Seqdb_formats
Wink Container File Formats
Design goals
When this text is written, we look for a new, improved way to store
html content and digests. The old way stored these data in a hierarchy
of 64K directories, and the content/digest for every document had its
own file (or even several files). In a performance test this storage
format turned out to be a big problem. In particular, we couldn't
control in detail how the page cache was utilized. It should be noted
that the files were stored on the same nodes as the searcher indexes,
and that the searcher performance quickly decreased when we started to
write files. After lots of experiments, it became obvious that this
had to do with the way meta data was handled in the page cache.
Design goals:
- Be page cache friendly! When files are written, it is very unlikely
that they are needed in the near future. Ideally, the page cache
shouldn't be touched at all.
This rules out all storage formats that base on directories, and use
separate files for each document. The doc corpus should rather be
stored in only a few files, so we can use the fadvise system call to
control the page cache. (That's basically the lesson we learned
from our performance test.)
- Be simple and safe! It should be avoided that the storage format
can be globally corrupted. It is ok when single files have bad
contents after crashes.
- Avoid disk fragmentation! In the current format, it is an expensive
operation to move data from one node to another, because the file
tree is very fragmented. By storing in contiguous blocks, the data
can be efficiently read and written as a whole.
- Fast lookups! For digests, we need fast lookups. As digests are
quite small in the average, we do not need support for mmap.
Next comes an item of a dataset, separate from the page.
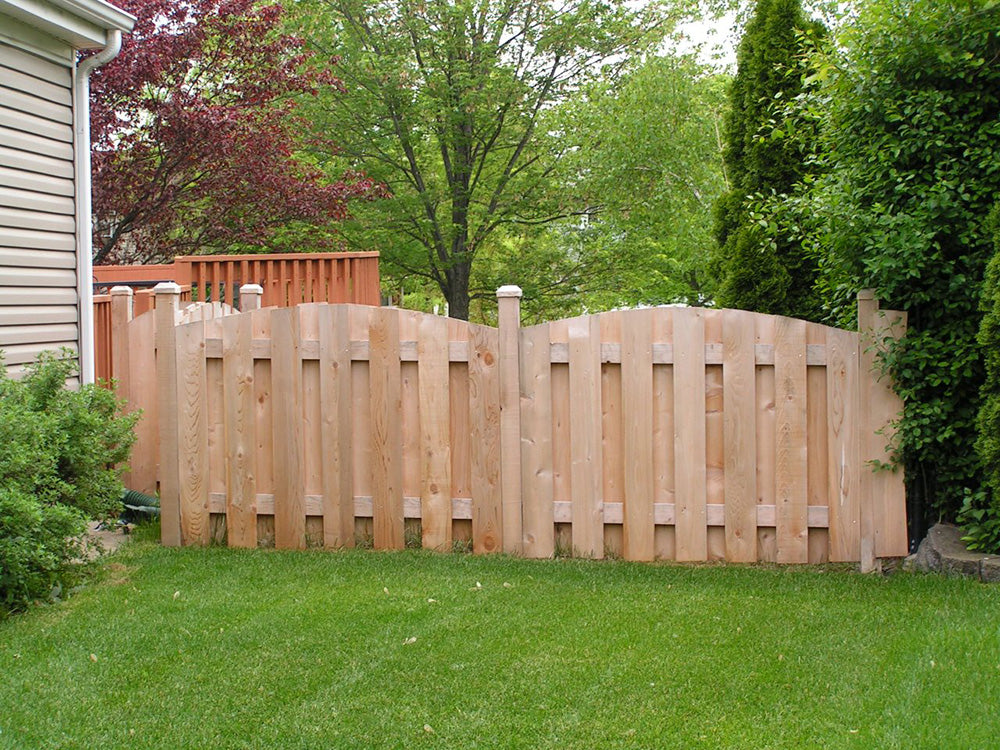 4' shadow box scalloped fence combines the robust style of the shadow box with the grace of a scallop.

- Full support for filesystem operations. In particular, we need the
ability to read and writes only parts of files (and not the whole
file), and to append to files (which is a special requirement
of the peoplesearcher - a document is not only one download,
but often several, and they need to be concatenated somehow).
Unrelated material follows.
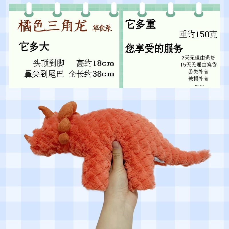 공장 직접 판매 공룡 인형 유럽과 미국의 가정 스타일 백악기 초식 트리케라톱스 플러시 장난감 도매스토어 가기
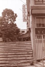 Medic Johnson, 1/77 Armored Battalion Building in background 1/77 Officers Club

This rules out all dbm implementations - they don't support these
operations efficiently.
- The filesys format should be built on top of more basic formats that
can be reused outside of this context. In particular, we have our
map/reduce implementation in mind when we think about reuse.
Compromises we accept:
- It is ok that space is not automatically reclaimed when it is
no longer used. We accept special compaction procedures that need
to be run from time to time.
Basic Formats
Three file formats are suggested:
- kvseq: stores sequences of keys and values of arbitrary size
- hindex: is a hash table of pointers to kvseq entries
- perm: is a sequence of pointers to kvseq entries
All three formats have a common superblock at the beginning. This
superblock contains settings for the file format, and user-defined
variables.
All integers are stored in network byte order.
Superblock Format
The superblock has size SBSIZE bytes. SBSIZE can be varied, but once
the superblock is created for the file, SBSIZE is fixed.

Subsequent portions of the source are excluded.